Adds ParMETIS repartitioning to calculate the new cell graph across all the MPI nodes.
ParMETIS also has methods that refine an existing solution, not just create a new one, which can be used to reduce the amount of particle movement.
As part of this work we are reducing the number of repartitioning techniques offered (these tend to give marginally worse solutions in tests) to "costs/costs", "costs/none", "none/costs" and "costs/time", that is balanced, vertex only, edge only and edges weighted by the expected time of next updates.
Initially this work intended to remove support for METIS, but testing the actual runtimes shows that that produces the best balance, so we are keeping that and offering it as a continuing option, just enhanced by the ParMETIS options. This may prove to be a better choice at larger scales than our current simulations.
Other significant updates in this request:

initial partitioning schemes given more obvious names:
 grid, region, memory or vectorized region balances by volume, and memory by particle distribution, the others are only interesting when (Par)METIS is not available.

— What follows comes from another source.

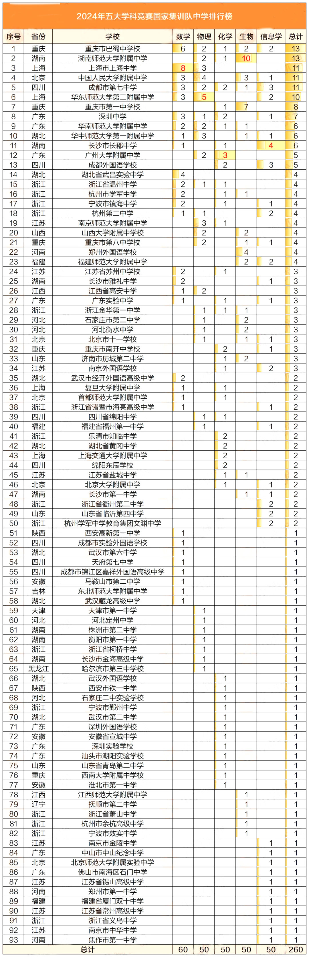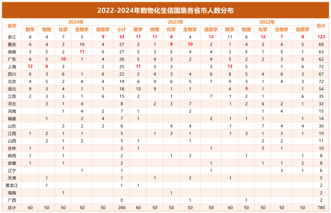 随着2024年数学决赛12月2日在浙江落下帷幕,至此,2024年度数理化生信五大学科竞赛已全部结束。各省竞赛实力如何?哪所中学表现亮眼?易单招网小编为大家汇总整理了五大学科竞赛国集各省市、中学分布情况,一起来看!一、国集各省市人数分布以下是...

weights are now calculated using floats and the sum is scaled into the range of
idx_t
. That should avoid integer overflow issues. 
Weights are no longer used from any MPI tasks. The position of these is strictly a free parameter of the solution.

The balance of weights between vertices and timebins is defined as an equipartition. Previously the limits were matched.

new clocks function
clocks_random_seed
to return "random" seeds based on the remainder of the current number of nanoseconds.